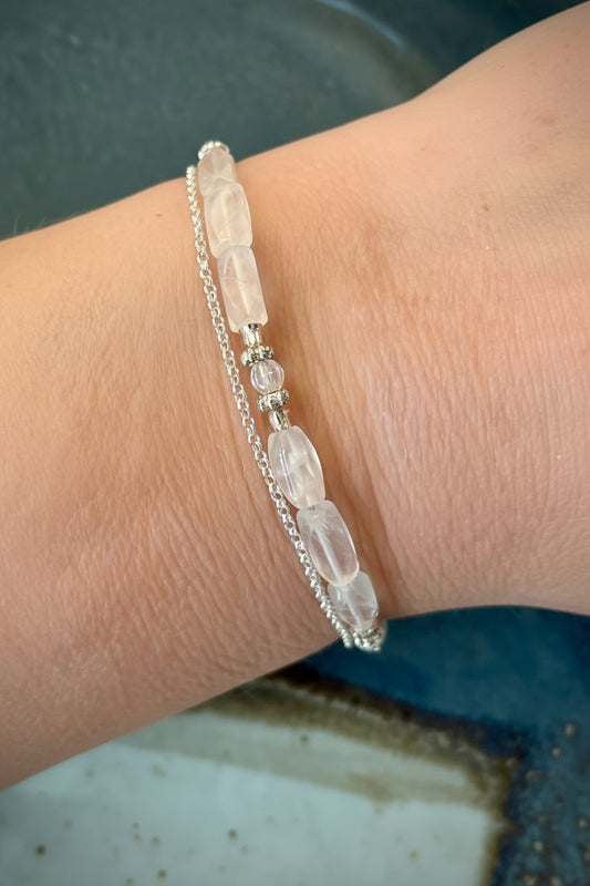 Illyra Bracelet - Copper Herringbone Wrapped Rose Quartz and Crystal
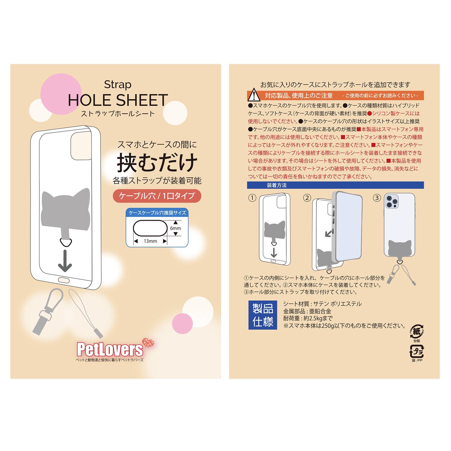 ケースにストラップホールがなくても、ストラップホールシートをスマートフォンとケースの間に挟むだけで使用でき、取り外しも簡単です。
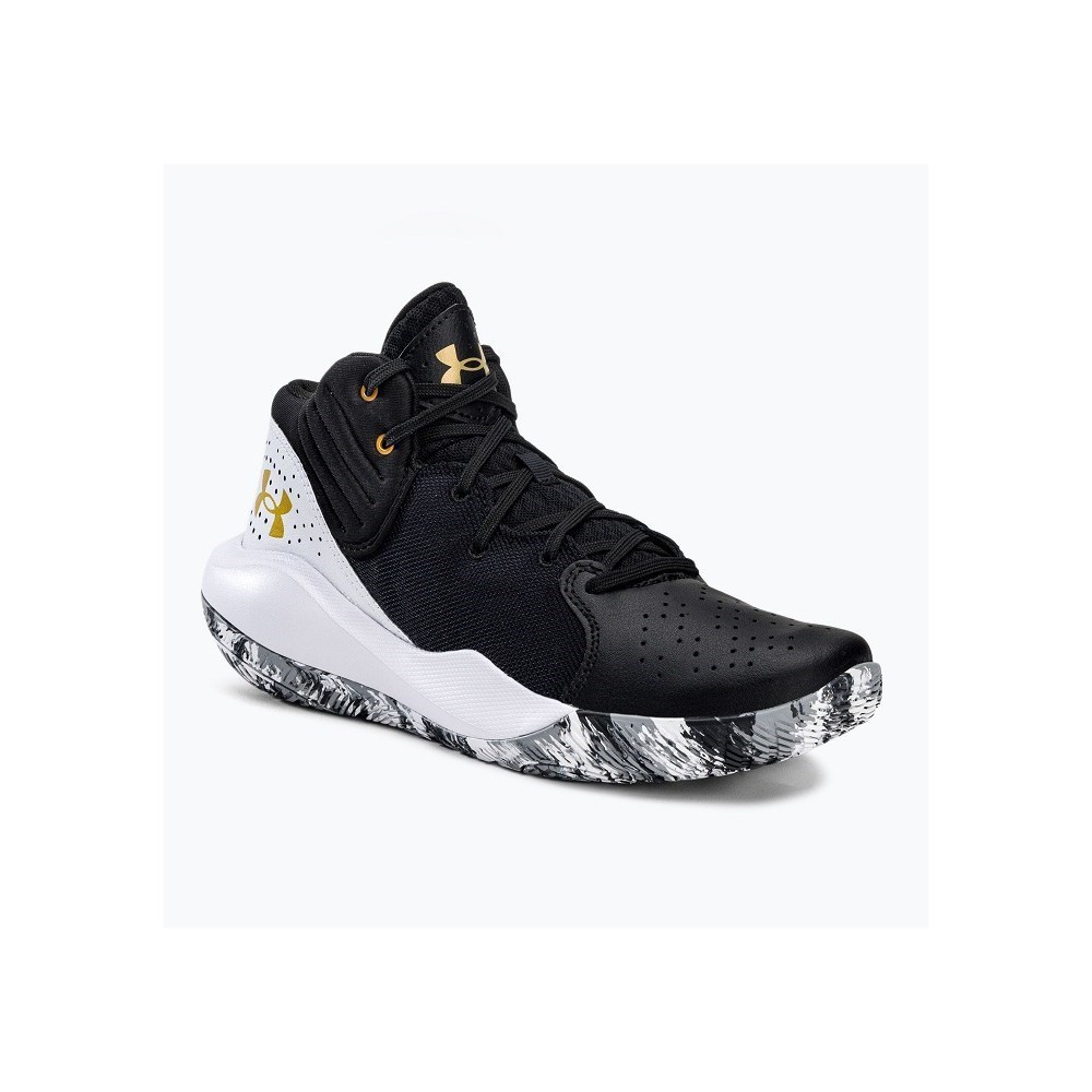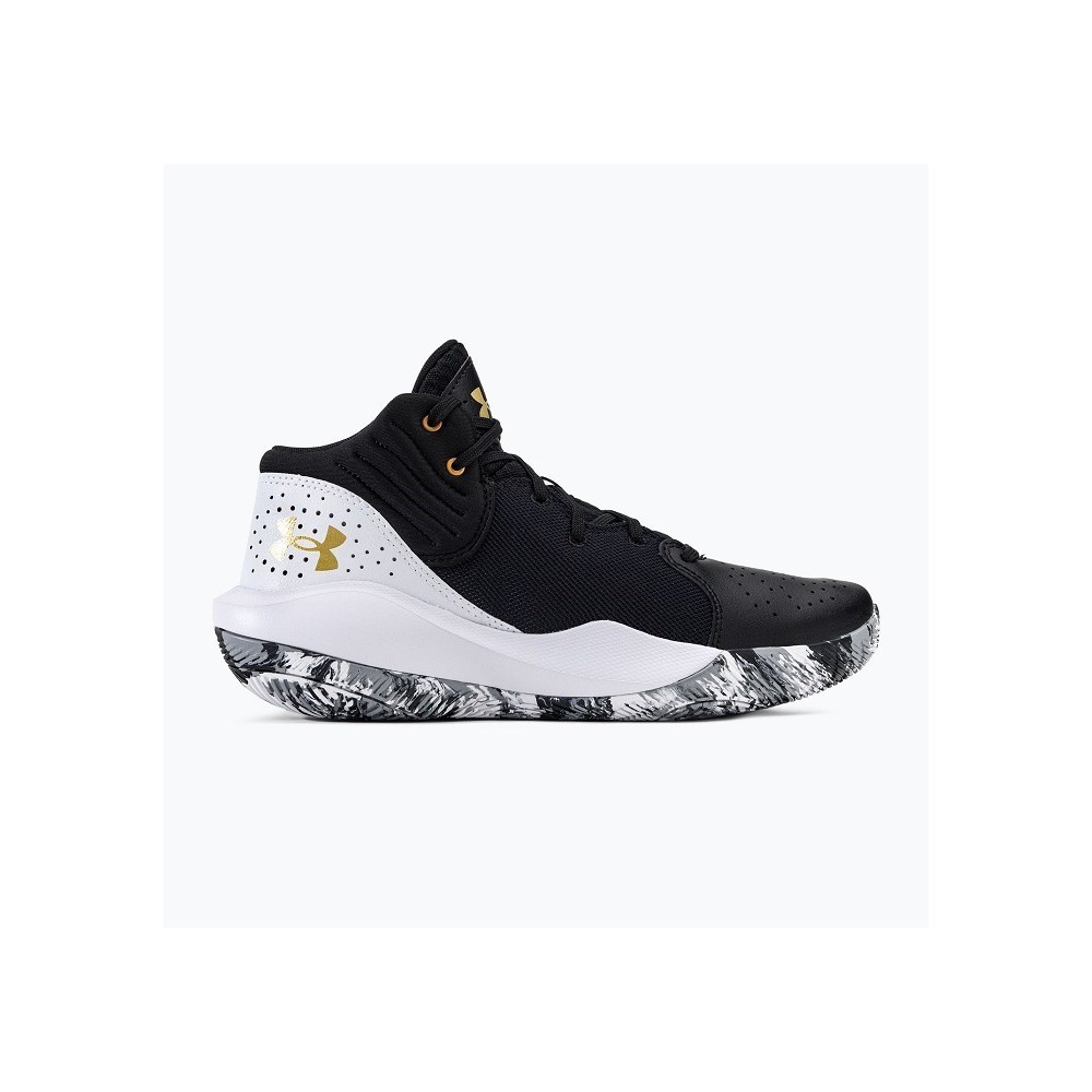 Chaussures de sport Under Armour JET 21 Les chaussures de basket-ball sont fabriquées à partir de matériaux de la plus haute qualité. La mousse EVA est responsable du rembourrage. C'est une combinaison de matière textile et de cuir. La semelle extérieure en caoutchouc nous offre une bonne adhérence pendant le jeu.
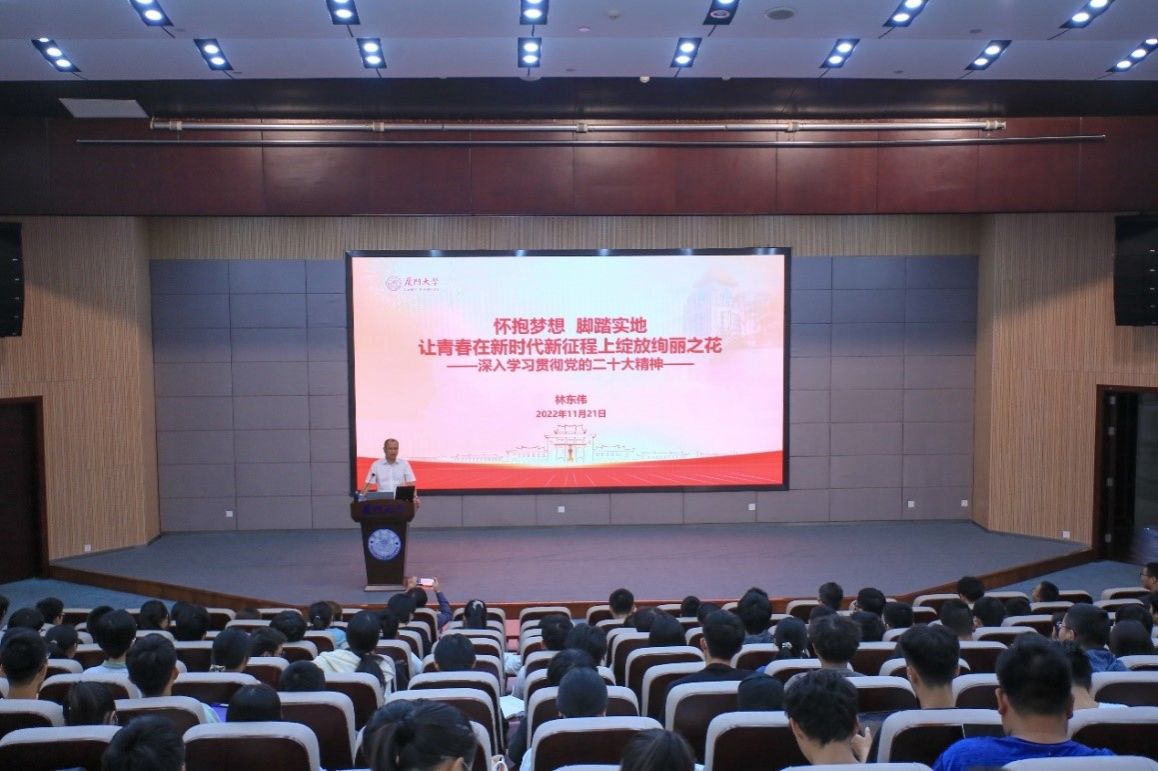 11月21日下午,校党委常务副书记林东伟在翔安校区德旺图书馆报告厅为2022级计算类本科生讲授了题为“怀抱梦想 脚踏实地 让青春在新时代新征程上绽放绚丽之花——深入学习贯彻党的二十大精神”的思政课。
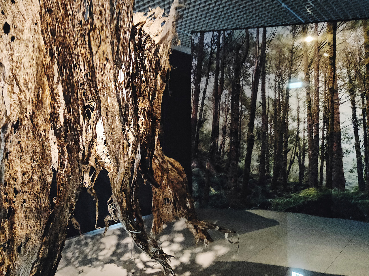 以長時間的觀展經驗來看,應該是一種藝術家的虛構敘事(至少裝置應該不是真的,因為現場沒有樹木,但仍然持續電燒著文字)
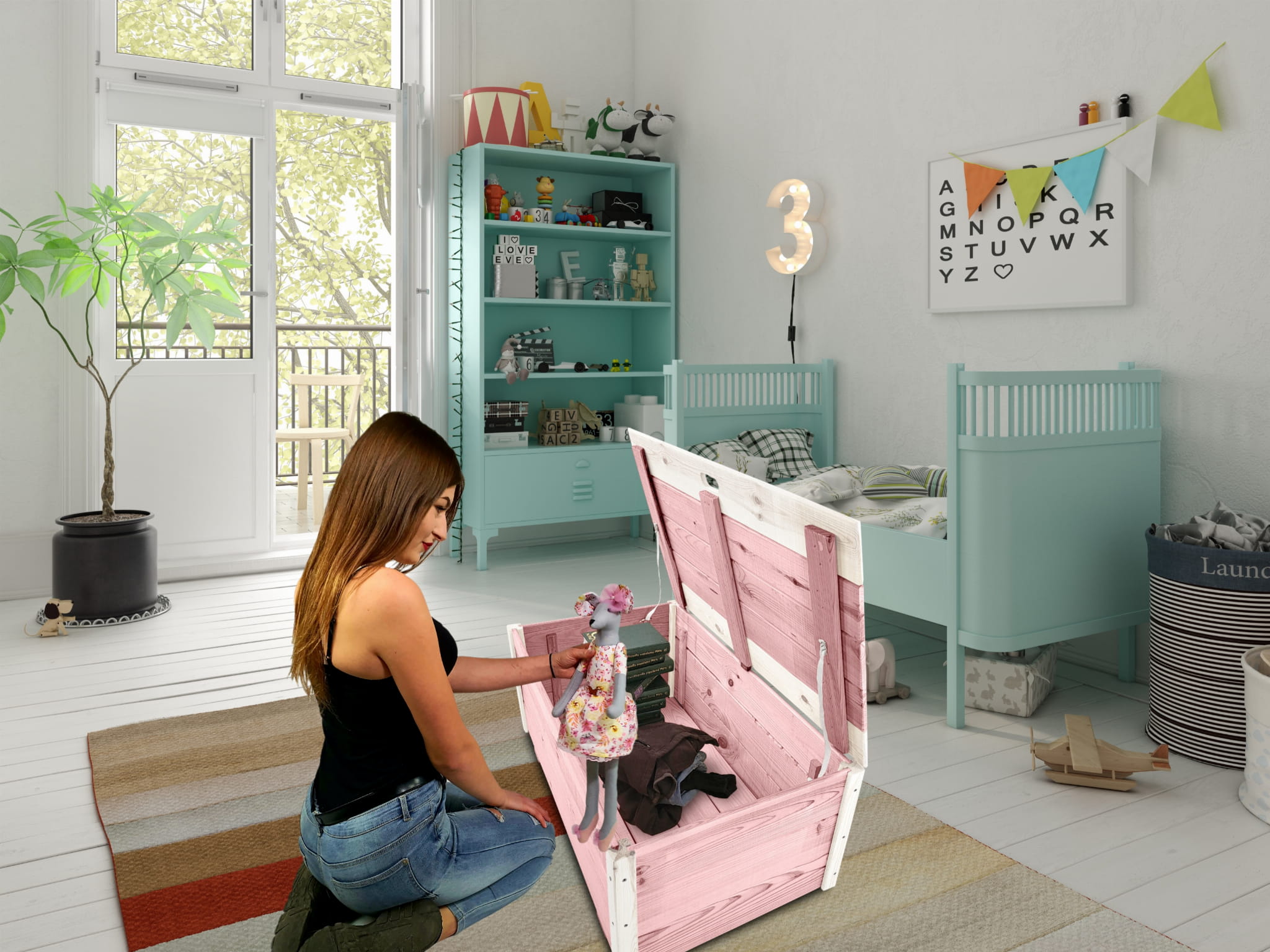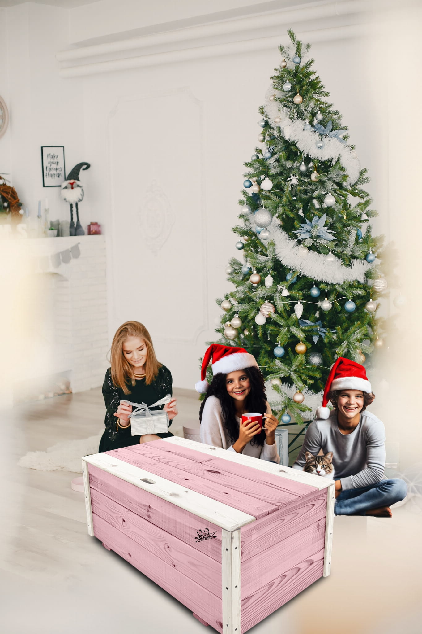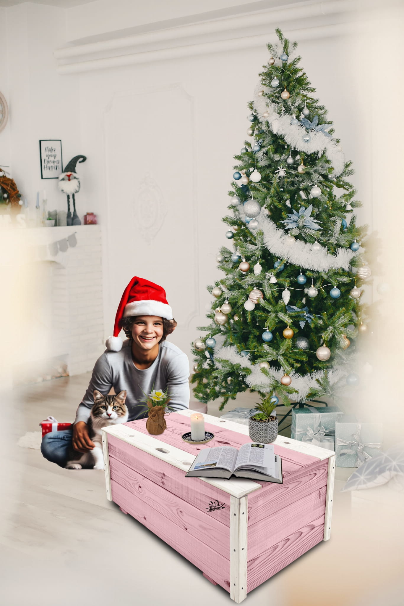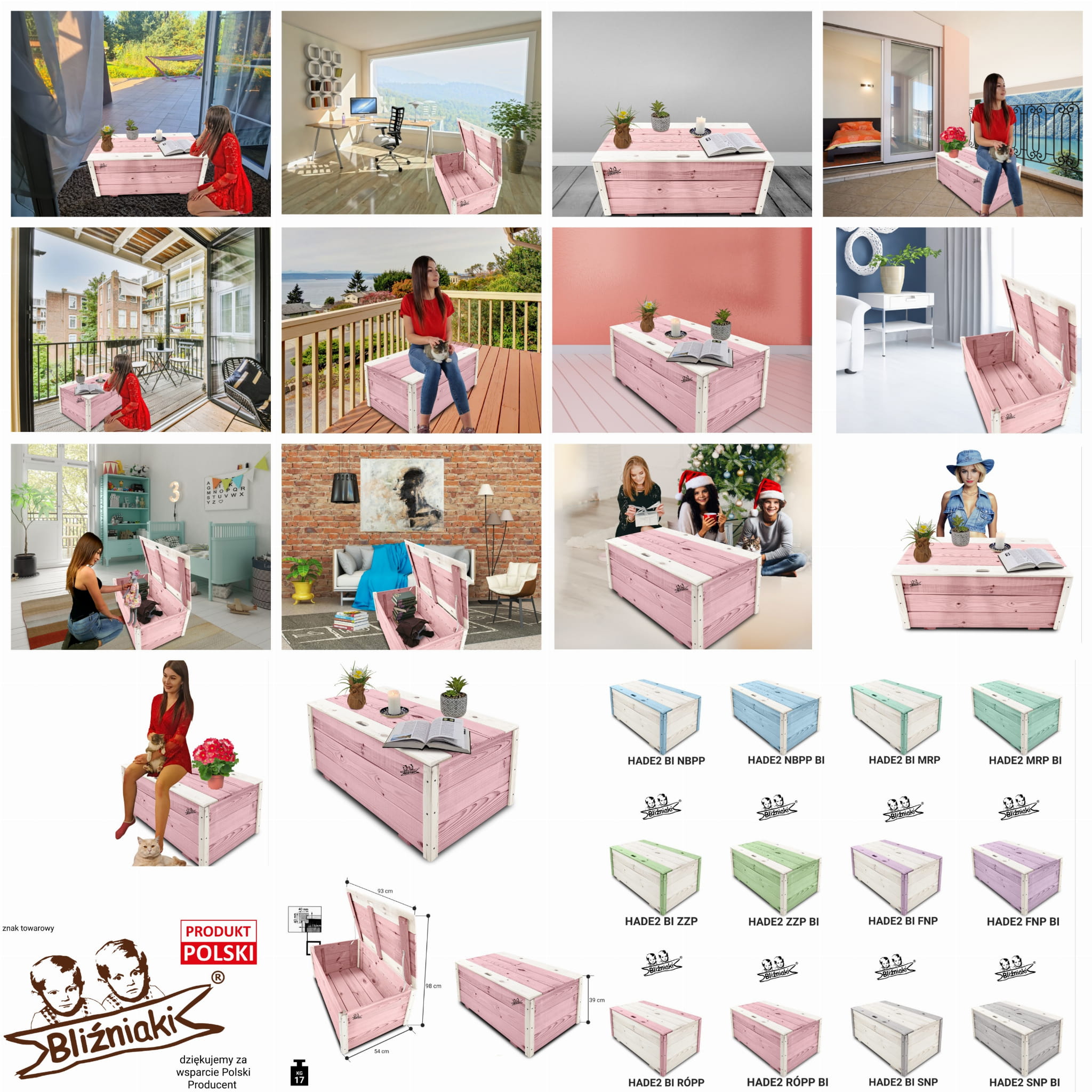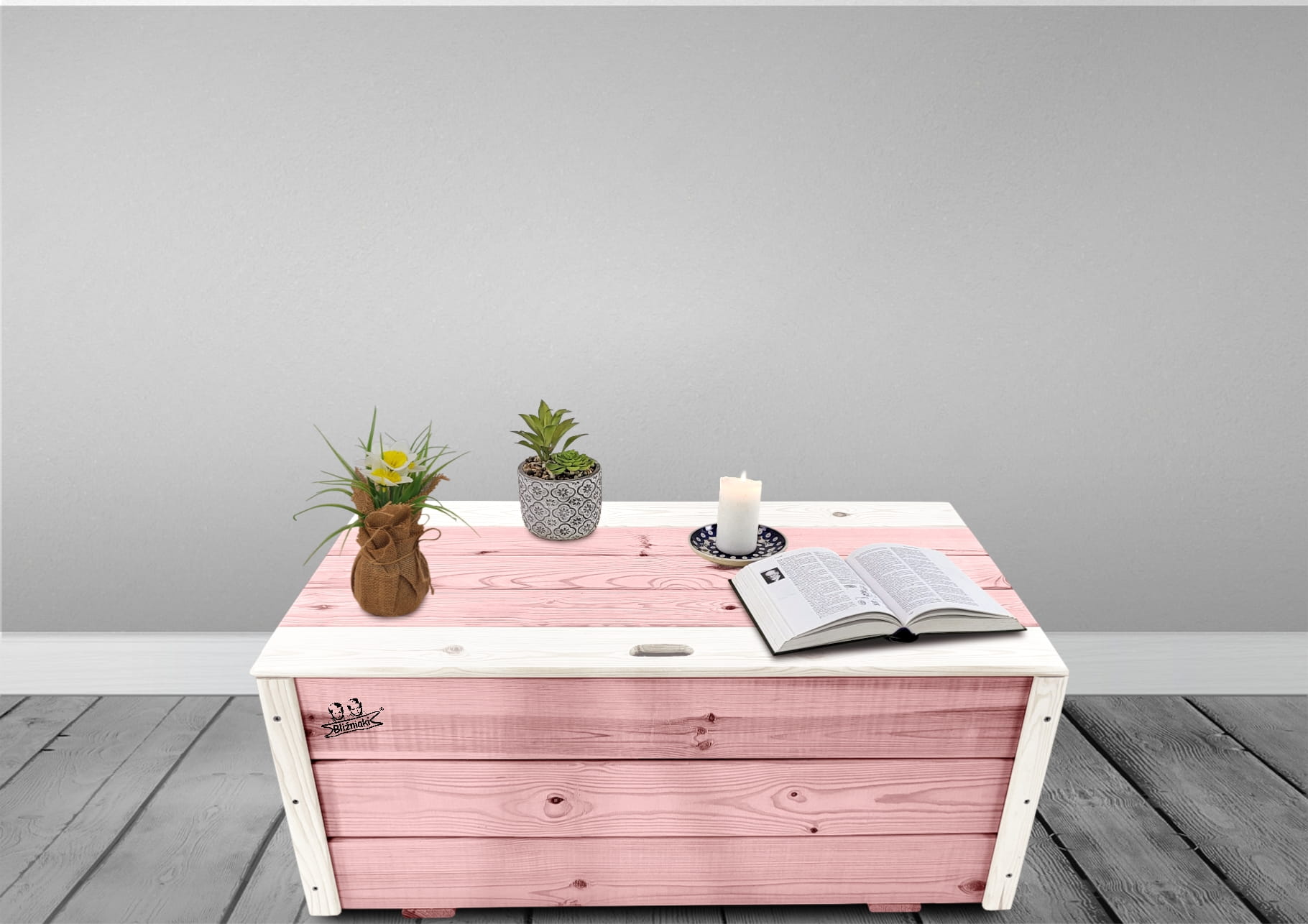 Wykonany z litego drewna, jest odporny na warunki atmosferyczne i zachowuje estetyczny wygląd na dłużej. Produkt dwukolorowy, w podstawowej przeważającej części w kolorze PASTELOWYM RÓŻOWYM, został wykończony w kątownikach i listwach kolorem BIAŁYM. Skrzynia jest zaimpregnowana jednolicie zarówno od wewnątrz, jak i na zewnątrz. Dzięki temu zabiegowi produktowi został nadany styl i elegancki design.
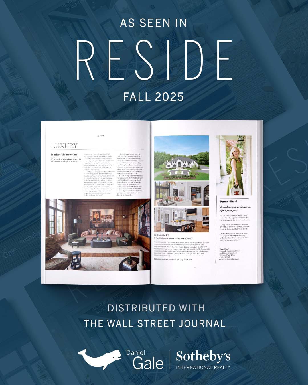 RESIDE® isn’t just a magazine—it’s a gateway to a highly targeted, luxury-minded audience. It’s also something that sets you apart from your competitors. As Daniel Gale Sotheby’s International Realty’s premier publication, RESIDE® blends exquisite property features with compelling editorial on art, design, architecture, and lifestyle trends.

────────────────────────────────────────

Exercise requirements: Retype word for word all the material given above, and keep the pictures out.

Exercise output:
 Illyra Bracelet - Copper Herringbone Wrapped Rose Quartz and Crystal
 ケースにストラップホールがなくても、ストラップホールシートをスマートフォンとケースの間に挟むだけで使用でき、取り外しも簡単です。
 Chaussures de sport Under Armour JET 21 Les chaussures de basket-ball sont fabriquées à partir de matériaux de la plus haute qualité. La mousse EVA est responsable du rembourrage. C'est une combinaison de matière textile et de cuir. La semelle extérieure en caoutchouc nous offre une bonne adhérence pendant le jeu.
 11月21日下午,校党委常务副书记林东伟在翔安校区德旺图书馆报告厅为2022级计算类本科生讲授了题为“怀抱梦想 脚踏实地 让青春在新时代新征程上绽放绚丽之花——深入学习贯彻党的二十大精神”的思政课。
 以長時間的觀展經驗來看,應該是一種藝術家的虛構敘事(至少裝置應該不是真的,因為現場沒有樹木,但仍然持續電燒著文字)
 Wykonany z litego drewna, jest odporny na warunki atmosferyczne i zachowuje estetyczny wygląd na dłużej. Produkt dwukolorowy, w podstawowej przeważającej części w kolorze PASTELOWYM RÓŻOWYM, został wykończony w kątownikach i listwach kolorem BIAŁYM. Skrzynia jest zaimpregnowana jednolicie zarówno od wewnątrz, jak i na zewnątrz. Dzięki temu zabiegowi produktowi został nadany styl i elegancki design.
 RESIDE® isn’t just a magazine—it’s a gateway to a highly targeted, luxury-minded audience. It’s also something that sets you apart from your competitors. As Daniel Gale Sotheby’s International Realty’s premier publication, RESIDE® blends exquisite property features with compelling editorial on art, design, architecture, and lifestyle trends.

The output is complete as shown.